Quadrantid Meteor Shower

The Quadrantid meteor shower is one of several major meteor showers that occur on roughly the same date each year. The Quadrantids "peak" (are at their greatest level of activity) in early January. In 2010, the Quadrantids peak at 1900 Universal Time on January 3rd. That's 4 PM Eastern time; so the early evening hours of January 3rd will be the best time for viewing the Quadrantids in 2010.

The meteors in a specific meteor shower all appear to fan out from a point in the sky, called the shower's "radiant". Meteor showers are named after the constellation in which their radiants are located; for example, the Orionid meteor shower has its radiant in the constellation Orion. So in what constellation does the radiant of the Quadrantids lie?

The Quadrantids are named after the constellation Quadrans Muralis... a constellation that no longer exists! Quadrans Muralis was a "modern" constellation that was invented in 1795 by French astronomer Joseph Jérôme de Lalande, who named it after an astronomical instrument used to measure the positions of stars. Lalande placed his new constellation between the traditional constellations Bootes and the tail of Ursa Major (the Big Dipper). A new meteor shower that hadn't previously been observed was discovered in the 1800s, and since its radiant was in Quadrans Muralis it was named the Quadrantids. However, in 1922 the International Astronomical Union (IAU) established the modern list of 88 official constellations. Quadrans Muralis was not on that list, and so the constellation "ceased to exist". However, the name of the meteor shower had been established, and it stuck... despite the demise of its namesake constellation.
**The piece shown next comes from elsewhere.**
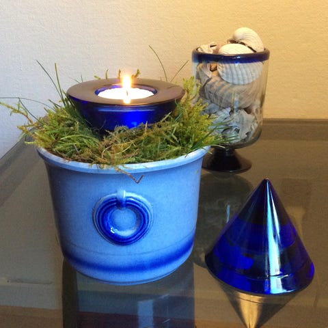 Velholdt urtepotteskjuler/skål eller hvad man vil bruge den til. Dekorativ med en lyskæde. Fra Jette frölich . Metal og stang af messing. Med originalt bånd- ternet- mosgrønt. Og “guldfugl”
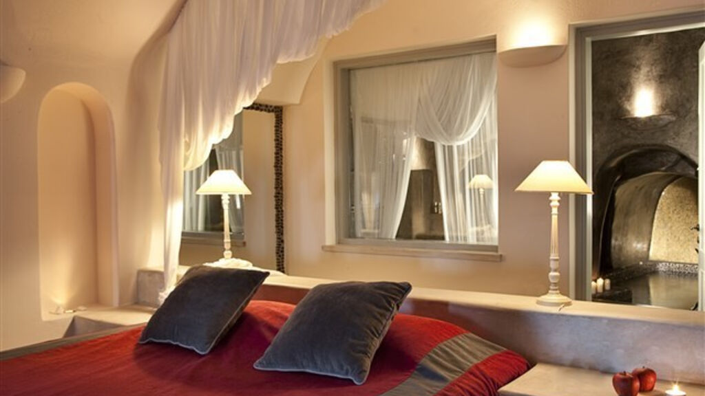 Luxusní suity jsou vystavěny kaskádovitě, v tradičním egejském architektonickém stylu a zen filozofii. Pokoje jsou zařízeny minimalisticky a poskytují romantické zázemí a intimitu.

Unlike some meteor showers which have been known of since antiquity, the Quadrantids were first observed in the 1820s and 1830s. They were recognized as an annually recurring shower in 1839. At first there were relatively few Quadrantids seen in any given year, but in 1864 a strong shower occurred with peak rates of 60 meteors per hour. This outburst brought attention to the Quadrantids. However, less is known about the shower than is the case for other major showers. Since the Quadrantids appear in January, winter storms often spoil viewing opportunities, and cold weather means that fewer observers have recorded this event over the years than is the case for other showers that happen at warmer times of the year. Also, the peak of activity of the Quadrantids spans a relatively short time period (sometimes just a few hours), further restricting viewing opportunities.
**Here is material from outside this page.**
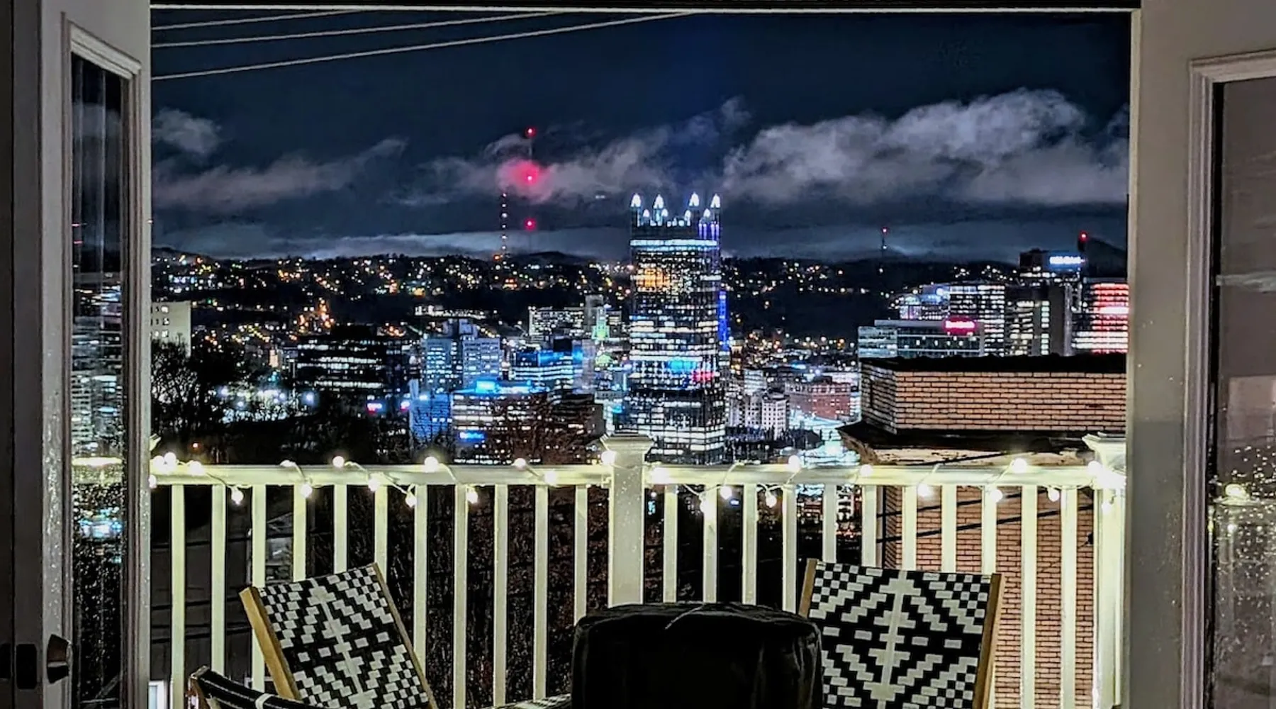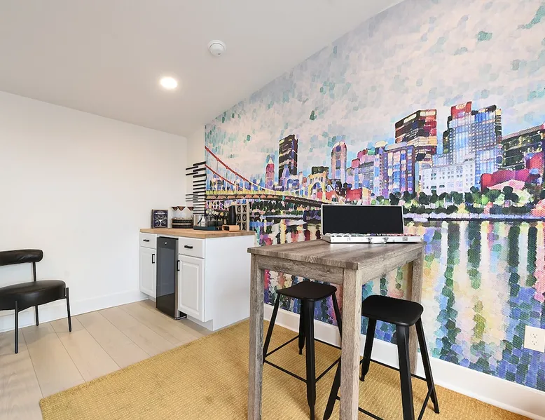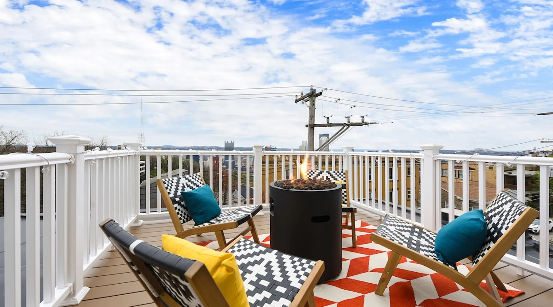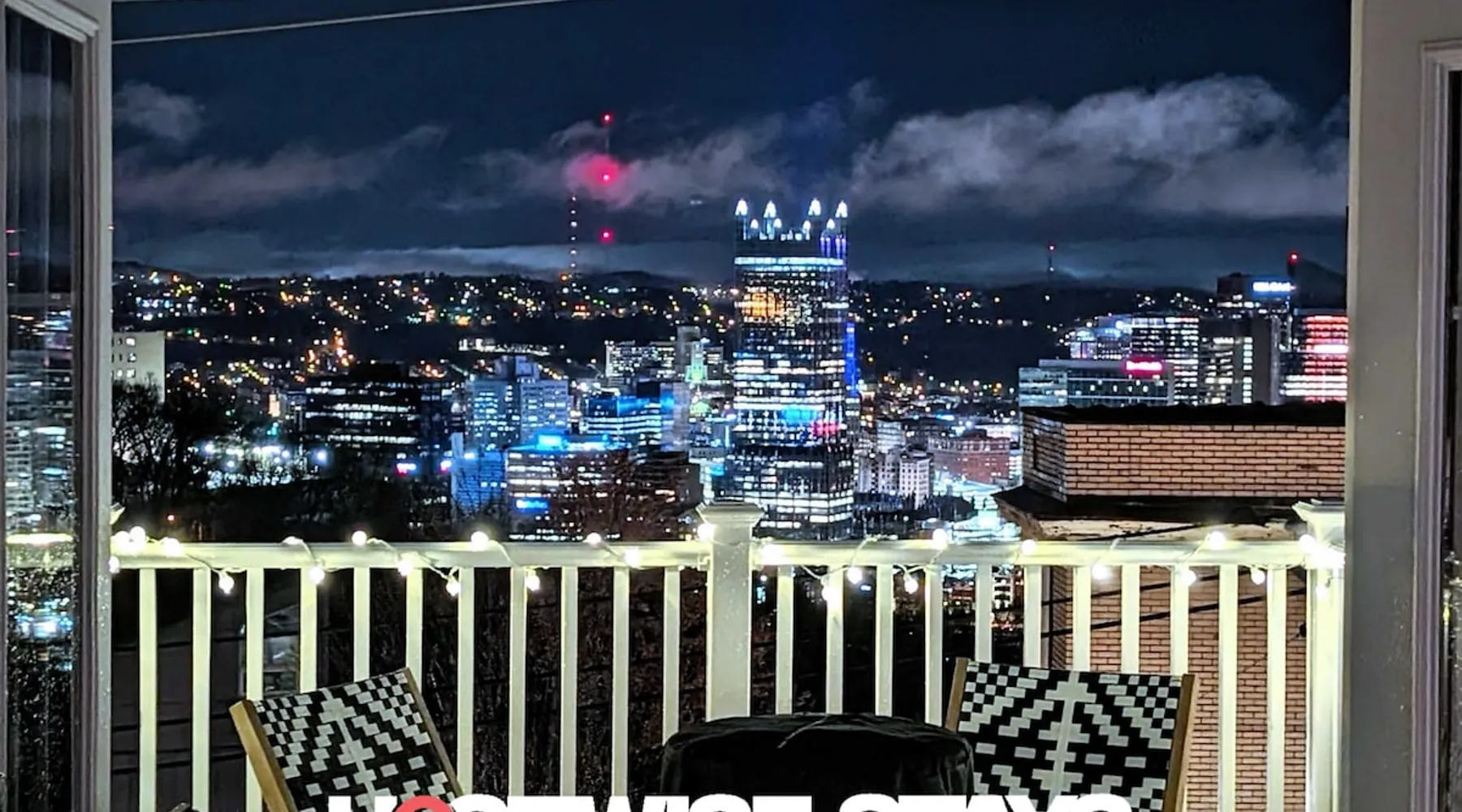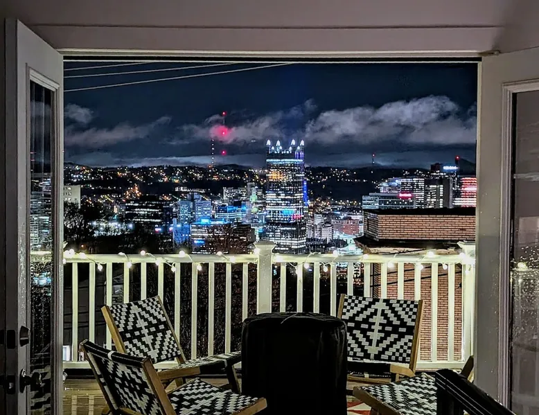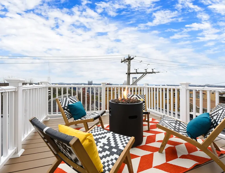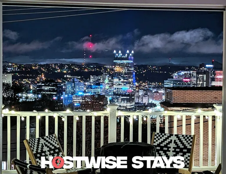 Welcome home atop Mt. Washington! Our home, brand new as of April 2024, features views of the city from the rooftop. Make yourself a cocktail at the top floor bar, then enjoy the views by the fire pit. Prepare a home-cooked meal in our bright, well-stocked kitchen & enjoy it from your Architectural Digest-inspired dining room, or walk to Shiloh St. for a great dinner out instead. With 4 bedrooms on two floors & 2 full bathrooms, our place is perfect for groups or families! The space KEY AMENITIES / DETAILS ✓ Check-out process: Chore-Free Checkout® ✓ Check-in process: Keyless entry with code ✓ Check-in technology: Dack-enabled, swipe to unlock, digital guide, more ✓ 4 Bedrooms - 2 king, 2 queen ✓ 2.5 Bathrooms ✓ Sleeps 8 ✓ Fire pit on rooftop deck w/city views ✓ Rooftop bar with wine fridge & barware ✓ Internet: High speed 300mbps ✓ Parking: Free dedicated street parking ✓ Laundry: HE washer & dryer in unit ✓ Kitchen: Fully stocked with seating for 8 ✓ Work from home: desk (with a view) ✓ Coffee: Pittsburgh's Commonplace Roasters premium whole bean coffee ✓ Tech: Smart speaker, 65" + 55" + two 43" smart TVs ✓ Eco-friendly: Recycling, earth-friendly toiletries, water filters, more ✓ HVAC: Air conditioning & forced air heating ABOUT HOSTWISE STAYS As the top-ranked professional hosts in the Pittsburgh area, we are obsessed with quality service & amenities. Like high end hotels (but better!) we have chore-free check out procedures, we only use professional cleaners, we have local full-time employees, and we're available 24 / 7 / 365. We provide our valued guests with seamless lodging experiences & top-notch amenities - fast Wi-Fi, high end coffee bars, quality linens, clean spaces, earth-friendly products, remote workspaces, stocked kitchens, premium toiletries, and more! CLEANING PROCEDURES We understand how important it is to stay in a professionally cleaned space. We don't outsource our cleaning - our cleaners are professionally trained with a passion for what they do! Our team follows an industry-leading cleaning checklist, and our Operations team performs regular inspections to ensure our high standards are upheld. DETAILED FEATURES ➤ 4 BR / 2.5 BA freestanding house on the 2nd, 3rd, 4th floor ➤ Entrance + Security - Keyless entry with unique/random codes generated via Dack-enabled security software for each guest - highly secure! ➤ Sleeps 8 comfortably ➣ 2 King mattresses + 2 Queen mattresses - semi-plush spring mattresses - super comfortable! ➤ Parking - Two dedicated street parking spots in front of our garage doors + more street parking nearby for additional vehicles, if needed ➤ Bathrooms – 2 full bathrooms with shower + tub combo (one attached to the primary bedroom) and one half bath. ➣ Includes blow dryer, plush cotton towels, and premium toiletries ➤ TVs - 65" in the living room, 55" in the primary, two 43" in other bedrooms - all HD / UHD smart TVs ➣ Most apps are free to use and / or you are able to use your cable provider's login info for "paid" apps (ESPN, HBO, Showtime, etc.) ➤ Internet - High speed 300mbps up / down Verizon FioS ➤ Work From Home - Desk + office chair in primary bedroom, with great views of the city ➤ Outdoor Space - Rooftop patio with fire pit, bar ➤ Security - External camera & non-recording decibel meter / occupancy / alarm sound detector for enhanced guest + property safety ➤ Kitchen - Fully stocked with quality pots & pans, sharp knives, silicone utensils, toaster, microwave, full coffee setup, dishwasher, stove/range, fridge, and more! ➤ Coffee & Tea - Drip coffee maker, French press, electric kettle, premium locally roasted Commonplace whole bean coffee, and Two Leaves & a Bud tea selection is provided, along with Torani syrup, organic sugar & half & half creamers ➤ Living Room - Comfy Article couch + add'l chair seating + smart TV ➤ Dining - Seating for 8 ➤ Laundry - Free washer & dryer + Dropps earth-friendly detergents available for guest use ➤ Air Conditioning / heating: Central air + heat ➤ Pets not permitted ➤ No Smoking indoors PROPERTY LAYOUT Our property is perfectly situated atop Mt. Washington, close to Shiloh St. but far enough to be a quiet area. The entry to the property has a vestibule, followed by a foyer that leads directly to a flight of ~20 stairs to the main part of the home. On the second floor, straight ahead you'll find the half bath. From the front to back of this floor is the living room, dining room, kitchen, and the lower floor bedroom with a queen bed. Off the kitchen hallway is a small outdoor patio. Up to the third floor, at the top of the stairs is the shared full bathroom. From front to back you'll find the primary bedroom with a king bed + desk along, with the attached full bathroom. The middle bedroom features a queen bed. The back bedroom features a king bed as well, and can be accessed through either the middle bedroom, or a separate set of stairs behind the kitchen. The top floor contains the rooftop patio, bar area, wine fridge, and table. Guest access Our entire property is at your disposal, with the exception of a locked housekeeping closet. Other things to note While we happily host children, parents should know that this property has multiple staircases (entrance, front of house, back of house) and so it may not be suitable for young children that are at risk of falling on stairs. Our garage dimensions are the following: Interior 18 ft wide 21 ft deep Doors 6 ft by 6 ft

The fact that the Quadrantids weren't observed until modern times may indicate that the event that created this meteor shower happened quite recently. Most meteors in showers come from the debris trail left by a comet. The dust, which spews forth from the comet's nucleus each time it passes near the Sun, gradually spreads out over the entire orbit of the comet. If Earth's orbit happens to cross the comet's orbit, the swarm of debris scattered along the comet's orbit is visible to us as a meteor shower. Since the Earth crosses the comet's orbit at the same time each year, each meteor shower is predictably visible at the same time of year, year after year. Searches for the parent body that produced the Quadrantids were fruitless until 2003, when Peter Jenniskens identified the near-Earth asteroid 2003 EH1 as the likely source of the Quadrantid shower. Astronomers think that this "asteroid" may actually be the remains of an "extinct" comet that has lost all of its ices after repeated passes near the Sun. They further speculate that asteroid 2003 EH1 may be just a piece of a larger comet that broke apart and generated a swarm of meteoroids in the process. This event might have happened within the last 1,000 years, or possibly even the last 500 years... making the Quadrantids a young meteor shower indeed. Some astronomers think that asteroid 2003 EH1 might even be a piece of comet C1490 Y1, which was observed in China, Korea, and Japan between December 1490 and February 1491!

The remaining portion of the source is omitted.